- **Description of the task**
A word-for-word copy of the entries is needed, and it should contain no images.
################
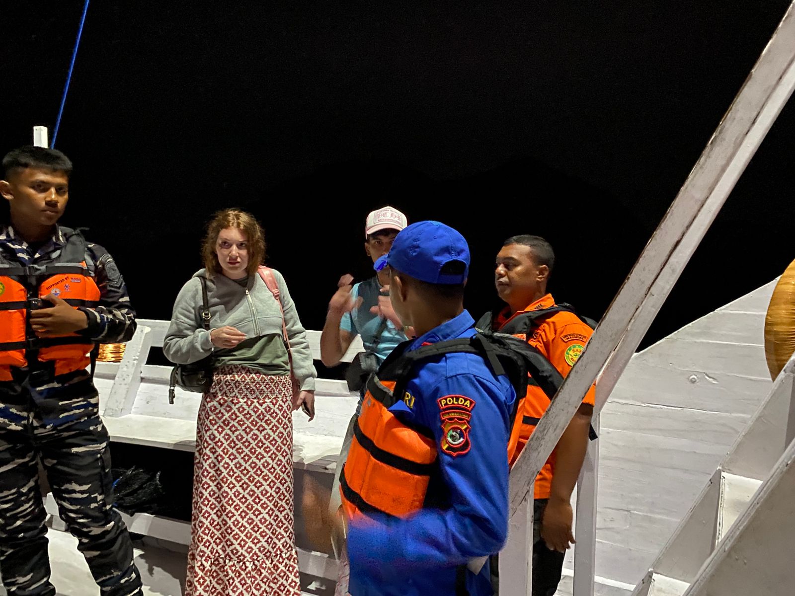 Pukul 21.10 Wita Tim SAR Gabungan tiba di Kapal Jaya 02 dan langsung mengevakuasi 2 Orang WNA menuju Labuan Bajo.
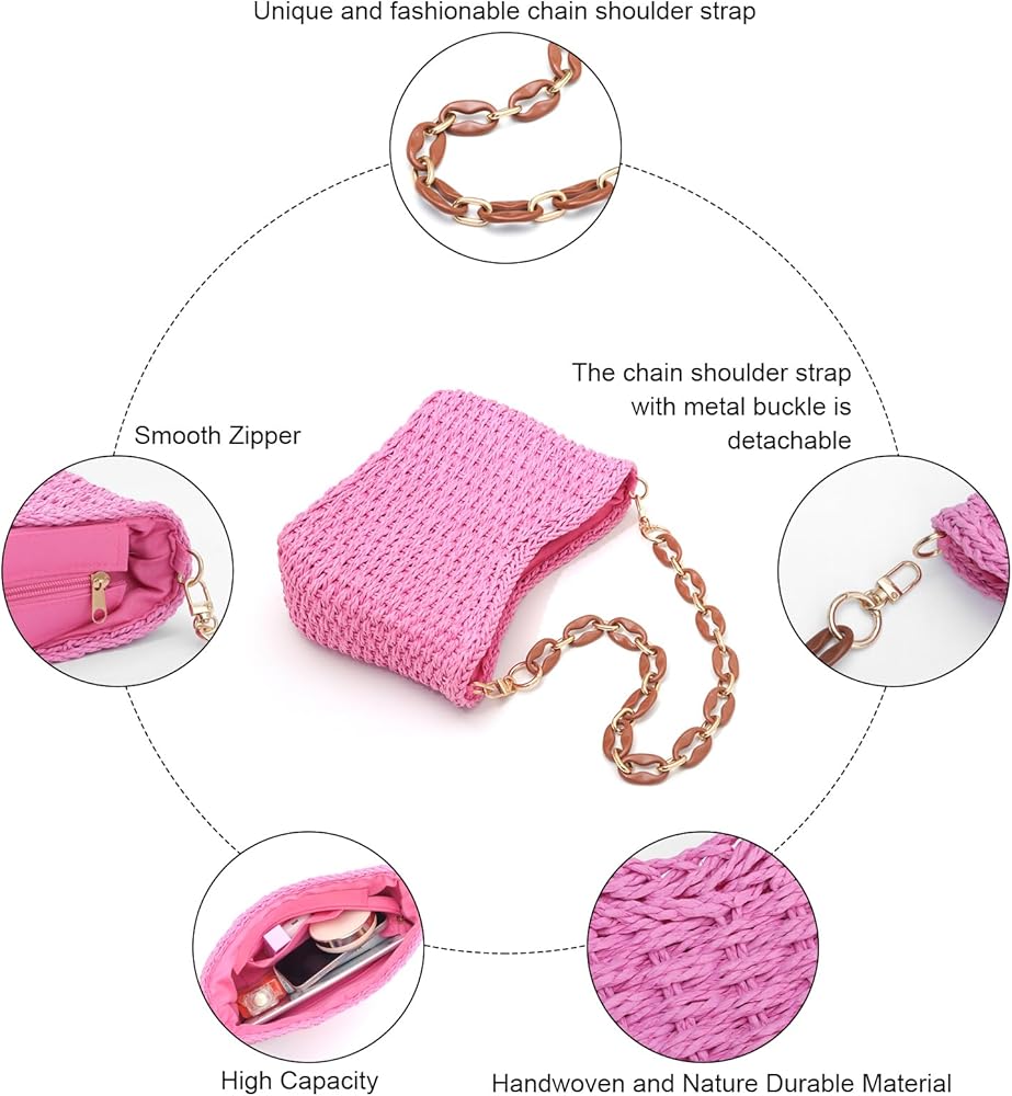 VERSATILE DESIGN: This straw beach bag features a removable chain strap, allowing you to wear it as a shoulder bag or carry it as a clutch, making it perfect for any occasion, giving you maximum versatility and convenience
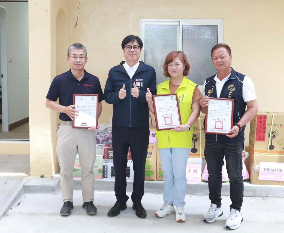 陳其邁頒狀感謝參與單位,江健興說,工會團體整合勞工專長合組高市工會行善特攻隊」,現有修繕、物資、服務等三大隊,4年協助14名弱勢及職災勞工整修住處,並辦理物資發放、義剪、義煮、義演等約230場,嘉惠15000人次。
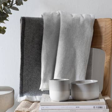 Dublin Alpaca Wool Throw - Grey with Ivory Stripes
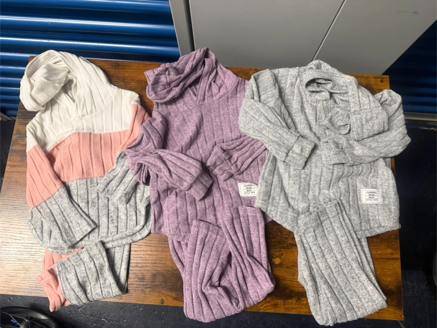Three comfortable ribbed loungewear sets. Each set includes a long-sleeve top and matching pants. One set features a color-block design with white, pink, and gray. The other two sets are solid lavender and gray. Made from a soft, stretchy knit fabric. All 3 sets for $10.
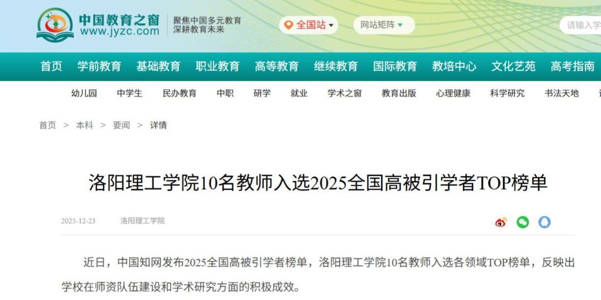 中国教育之窗、高校之窗报道我校10名教师入选2025全国高被引学者TOP榜单
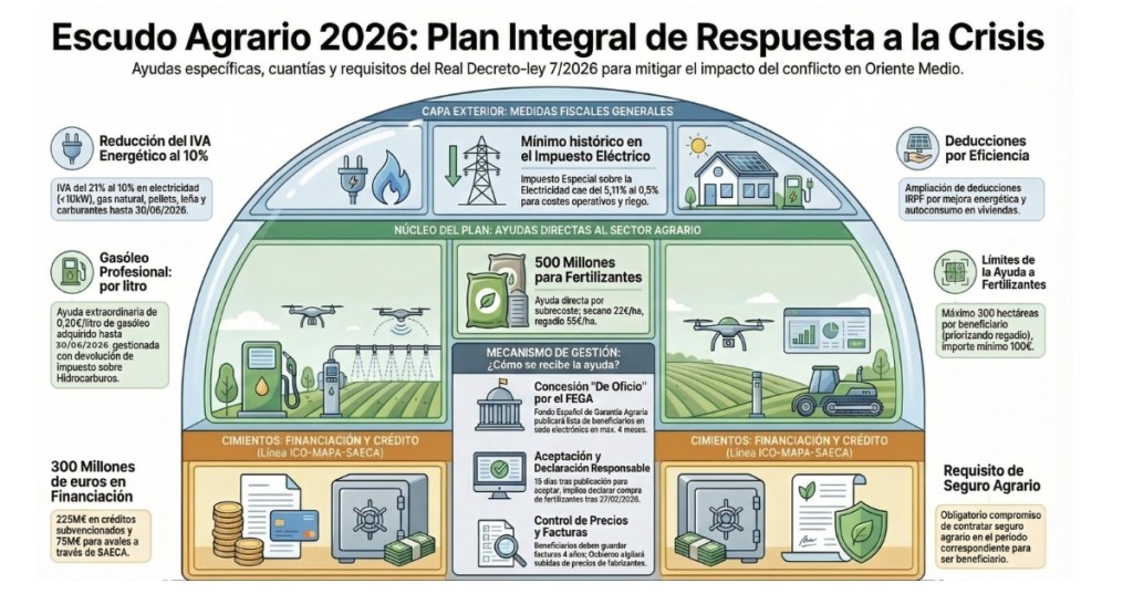 La Asociación Valenciana de Agricultores (AVA-ASAJA) calificó el paquete de ayudas al sector agrario para paliar los efectos de la guerra en Oriente Medio como “bienvenidas pero no dejarán de ser parches insuficientes si el conflicto se alarga. Los incrementos de precios de los carburantes y los fertilizantes, sobre todo los nitrogenados cuya producción y comercialización dependen en buena parte de esta zona del planeta, ya son extraordinarios y los agricultores no podremos soportar una escalada así por mucho tiempo. Cuatro millones de sobrecostes a la semana son muchos millones en una situación de rentabilidad que ya era precaria. Necesitamos que la guerra acabe cuanto antes y que la economía vuelva a la senda de la estabilidad y para ello es necesario más diálogo”.
################
- **Completed exercise**
 Pukul 21.10 Wita Tim SAR Gabungan tiba di Kapal Jaya 02 dan langsung mengevakuasi 2 Orang WNA menuju Labuan Bajo.
 VERSATILE DESIGN: This straw beach bag features a removable chain strap, allowing you to wear it as a shoulder bag or carry it as a clutch, making it perfect for any occasion, giving you maximum versatility and convenience
 陳其邁頒狀感謝參與單位,江健興說,工會團體整合勞工專長合組高市工會行善特攻隊」,現有修繕、物資、服務等三大隊,4年協助14名弱勢及職災勞工整修住處,並辦理物資發放、義剪、義煮、義演等約230場,嘉惠15000人次。
 Dublin Alpaca Wool Throw - Grey with Ivory Stripes
Three comfortable ribbed loungewear sets. Each set includes a long-sleeve top and matching pants. One set features a color-block design with white, pink, and gray. The other two sets are solid lavender and gray. Made from a soft, stretchy knit fabric. All 3 sets for $10.
 中国教育之窗、高校之窗报道我校10名教师入选2025全国高被引学者TOP榜单
 La Asociación Valenciana de Agricultores (AVA-ASAJA) calificó el paquete de ayudas al sector agrario para paliar los efectos de la guerra en Oriente Medio como “bienvenidas pero no dejarán de ser parches insuficientes si el conflicto se alarga. Los incrementos de precios de los carburantes y los fertilizantes, sobre todo los nitrogenados cuya producción y comercialización dependen en buena parte de esta zona del planeta, ya son extraordinarios y los agricultores no podremos soportar una escalada así por mucho tiempo. Cuatro millones de sobrecostes a la semana son muchos millones en una situación de rentabilidad que ya era precaria. Necesitamos que la guerra acabe cuanto antes y que la economía vuelva a la senda de la estabilidad y para ello es necesario más diálogo”.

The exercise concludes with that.